Recommended Alert Rules

Start with these Prometheus alerting rules for a production StreamHouse deployment.

yaml
groups:
  - name: streamhouse
    rules:
      - alert: HighProduceLatency
        expr: histogram_quantile(0.99, rate(streamhouse_produce_latency_seconds_bucket[5m])) > 0.5
        for: 5m
        labels:
          severity: warning
        annotations:
          summary: "P99 produce latency above 500ms"

      - alert: ConsumerLagRising
        expr: increase(streamhouse_consumer_lag[10m]) > 10000
        for: 10m
        labels:
          severity: warning
        annotations:
          summary: "Consumer lag rising rapidly"

      - alert: S3ErrorRate
        expr: rate(streamhouse_s3_errors_total[5m]) > 0.01
        for: 5m
        labels:
          severity: critical
        annotations:
          summary: "S3 error rate above 1%"

      - alert: AgentDown
        expr: up{job="streamhouse"} == 0
        for: 1m
        labels:
          severity: critical
        annotations:
          summary: "StreamHouse agent is down"

Runbook Links

Each alert should link to a runbook with investigation steps.
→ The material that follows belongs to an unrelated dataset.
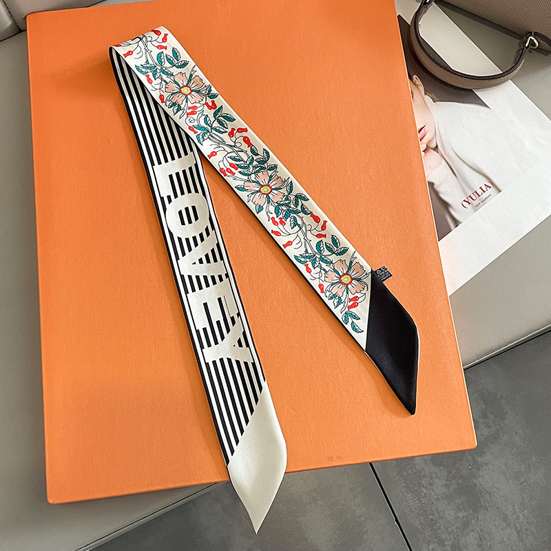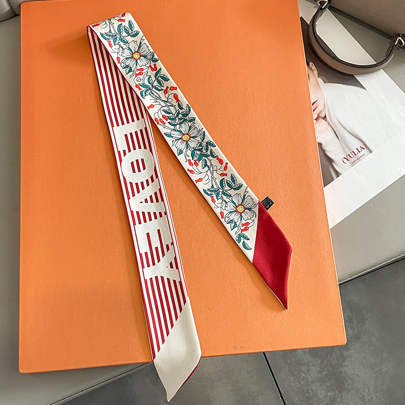 2023 봄과 가을 예술적 꽃 좁은 긴 작은 실크 스카프 여성용 헤어 벨트 장식 스카프 리본 타이 포장 핸들 실크스토어 가기

  • HighProduceLatency: Check S3 upload times, agent CPU, and metadata query latency. May need to scale agents.
  • ConsumerLagRising: Check if consumers are healthy, if processing is slow, or if produce rate has spiked.
  • S3ErrorRate: Check AWS Service Health Dashboard, verify IAM permissions, and check for S3 throttling (429 responses).
  • AgentDown: Check container/pod status, review logs for crash reasons, verify network connectivity.